** Opening Material for this task block **

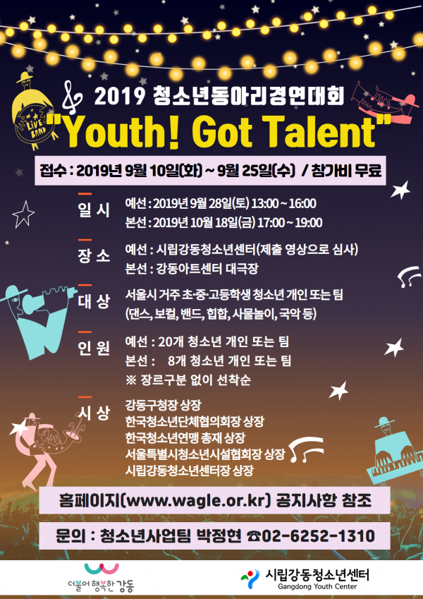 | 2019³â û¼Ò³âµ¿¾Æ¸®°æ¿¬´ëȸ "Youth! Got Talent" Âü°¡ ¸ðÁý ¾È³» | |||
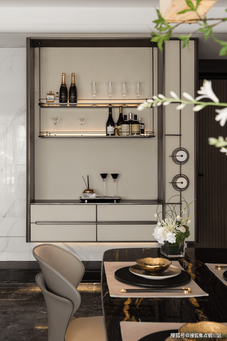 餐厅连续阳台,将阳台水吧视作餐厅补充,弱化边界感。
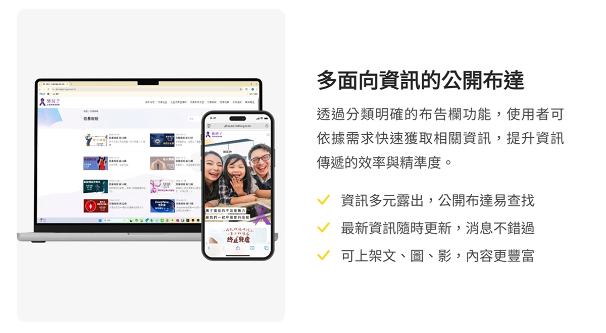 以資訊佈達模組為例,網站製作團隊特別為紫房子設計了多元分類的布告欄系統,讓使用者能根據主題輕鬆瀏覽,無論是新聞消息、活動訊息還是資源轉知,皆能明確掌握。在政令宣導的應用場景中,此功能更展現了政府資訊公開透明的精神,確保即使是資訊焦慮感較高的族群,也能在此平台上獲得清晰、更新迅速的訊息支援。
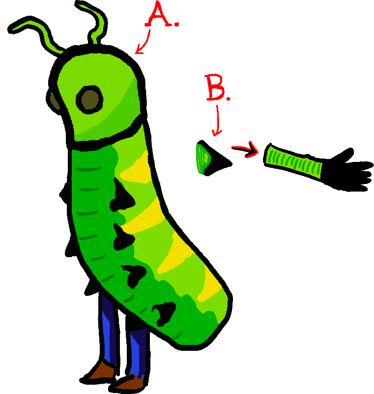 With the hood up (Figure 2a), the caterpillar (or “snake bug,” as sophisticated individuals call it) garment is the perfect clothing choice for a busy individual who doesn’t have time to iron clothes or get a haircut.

** Closing Material for this task block **
** Opening Material for this task block **

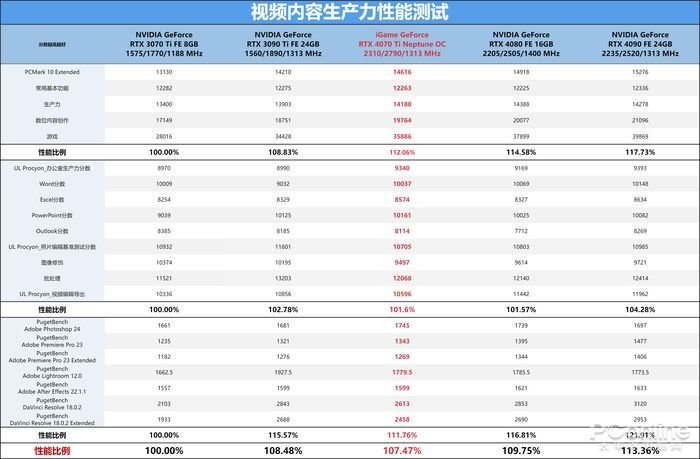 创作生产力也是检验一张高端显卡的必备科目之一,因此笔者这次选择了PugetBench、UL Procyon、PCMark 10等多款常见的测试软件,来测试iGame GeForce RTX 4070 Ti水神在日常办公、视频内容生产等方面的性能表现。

** Closing Material for this task block **
** Opening Material for this task block **

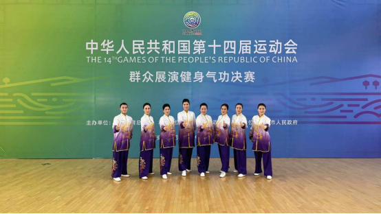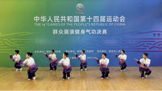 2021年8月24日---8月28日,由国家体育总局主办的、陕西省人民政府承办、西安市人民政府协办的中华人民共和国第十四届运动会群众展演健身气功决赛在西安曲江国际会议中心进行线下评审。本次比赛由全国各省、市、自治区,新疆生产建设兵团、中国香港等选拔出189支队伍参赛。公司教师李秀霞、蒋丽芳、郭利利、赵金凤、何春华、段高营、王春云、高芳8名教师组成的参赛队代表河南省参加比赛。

** Closing Material for this task block **

What is needed: Reproduce exactly the lines above starting at the line containing "餐厅连续阳台,将阳台水吧视作餐厅补充,弱化边界感。" and ending at the line containing "以資訊佈達模組為例,網站製作", including both, but not the pictures.

Output below:
 餐厅连续阳台,将阳台水吧视作餐厅补充,弱化边界感。
 以資訊佈達模組為例,網站製作團隊特別為紫房子設計了多元分類的布告欄系統,讓使用者能根據主題輕鬆瀏覽,無論是新聞消息、活動訊息還是資源轉知,皆能明確掌握。在政令宣導的應用場景中,此功能更展現了政府資訊公開透明的精神,確保即使是資訊焦慮感較高的族群,也能在此平台上獲得清晰、更新迅速的訊息支援。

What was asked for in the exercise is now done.